Even though the multi-agent system is capable of migrating the system, keeping its functionality, logic, UI, UX, it may miss the performance, security, quality and memory requirements. Coding agents often create code functional but messy, hard to maintain, or inefficient. While the functional requirements can be met, agents might miss the non-functional requirements.

Another challenge might be the limited context window of agents when approaching very large systems. To succeed, the migration plan needs to be well divided, with clear separable subtasks, so the coding agent can work on smaller tasks, with just a high level knowledge about the rest of the system. Creating a documentation and migration plan that does not fit into the LLM context is a massive engineering challenge on its own.

Legacy systems usually contain multiple interdependent modules. Approaching the migration, one should take into account communication between those modules and the organization's overall system architecture and business goals. Migrating a single module, without border strategic context, might miss the point of migration.

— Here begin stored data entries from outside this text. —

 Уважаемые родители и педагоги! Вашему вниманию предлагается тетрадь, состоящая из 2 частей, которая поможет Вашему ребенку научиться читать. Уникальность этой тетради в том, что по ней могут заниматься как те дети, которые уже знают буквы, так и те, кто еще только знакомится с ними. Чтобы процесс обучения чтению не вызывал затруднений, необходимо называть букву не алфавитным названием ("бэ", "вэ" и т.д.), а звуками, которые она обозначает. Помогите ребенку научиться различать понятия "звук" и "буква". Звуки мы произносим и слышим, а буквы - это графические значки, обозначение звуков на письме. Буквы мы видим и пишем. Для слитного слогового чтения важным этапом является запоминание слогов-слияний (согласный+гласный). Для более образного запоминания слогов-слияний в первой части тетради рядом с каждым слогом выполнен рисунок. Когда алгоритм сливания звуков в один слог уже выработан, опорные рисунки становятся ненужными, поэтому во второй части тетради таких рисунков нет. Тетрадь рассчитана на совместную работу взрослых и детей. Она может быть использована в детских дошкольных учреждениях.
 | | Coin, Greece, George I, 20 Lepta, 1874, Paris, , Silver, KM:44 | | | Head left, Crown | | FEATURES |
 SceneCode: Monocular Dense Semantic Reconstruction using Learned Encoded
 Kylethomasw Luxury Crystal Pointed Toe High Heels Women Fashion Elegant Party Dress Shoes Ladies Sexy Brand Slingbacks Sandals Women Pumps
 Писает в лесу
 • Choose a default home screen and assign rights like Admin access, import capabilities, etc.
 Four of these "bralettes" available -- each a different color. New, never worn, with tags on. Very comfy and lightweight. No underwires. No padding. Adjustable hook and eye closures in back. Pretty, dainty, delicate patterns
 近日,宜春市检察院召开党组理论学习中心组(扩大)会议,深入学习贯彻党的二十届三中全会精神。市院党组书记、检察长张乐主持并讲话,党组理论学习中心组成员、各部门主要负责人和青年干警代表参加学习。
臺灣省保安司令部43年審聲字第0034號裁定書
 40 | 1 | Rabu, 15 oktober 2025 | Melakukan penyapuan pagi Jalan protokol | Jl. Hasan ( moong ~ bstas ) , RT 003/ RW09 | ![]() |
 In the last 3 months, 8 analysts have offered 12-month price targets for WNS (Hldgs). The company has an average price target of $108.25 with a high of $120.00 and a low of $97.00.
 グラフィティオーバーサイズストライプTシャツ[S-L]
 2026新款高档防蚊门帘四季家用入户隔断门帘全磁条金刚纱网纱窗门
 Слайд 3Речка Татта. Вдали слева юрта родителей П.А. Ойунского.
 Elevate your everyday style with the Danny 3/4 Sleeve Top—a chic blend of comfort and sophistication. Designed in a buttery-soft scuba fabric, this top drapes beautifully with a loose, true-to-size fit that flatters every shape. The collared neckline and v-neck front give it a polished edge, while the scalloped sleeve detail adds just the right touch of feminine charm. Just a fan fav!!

Finally, testing the game, UI based application or a library is doable with the LLM agent, however testing an embedded system or green-screen terminals is not straightforward.

Conclusions

Migrating legacy code is a complex and costly process, often deterring even the biggest companies from updating their systems to modern languages and libraries. However, by leveraging AI-driven agentic workflows, a big part of the process can be already automated. While the single coding agents are still not powerful enough to lead the whole migration process, building a carefully designed multi-agentic system can already significantly speed up the codebase migration. The key to the success is the E2E testing agent, which traverses the system environment, captures its logic, functionality, UI and UX, and provides valid feedback to the coding agent, so it can perform fixes.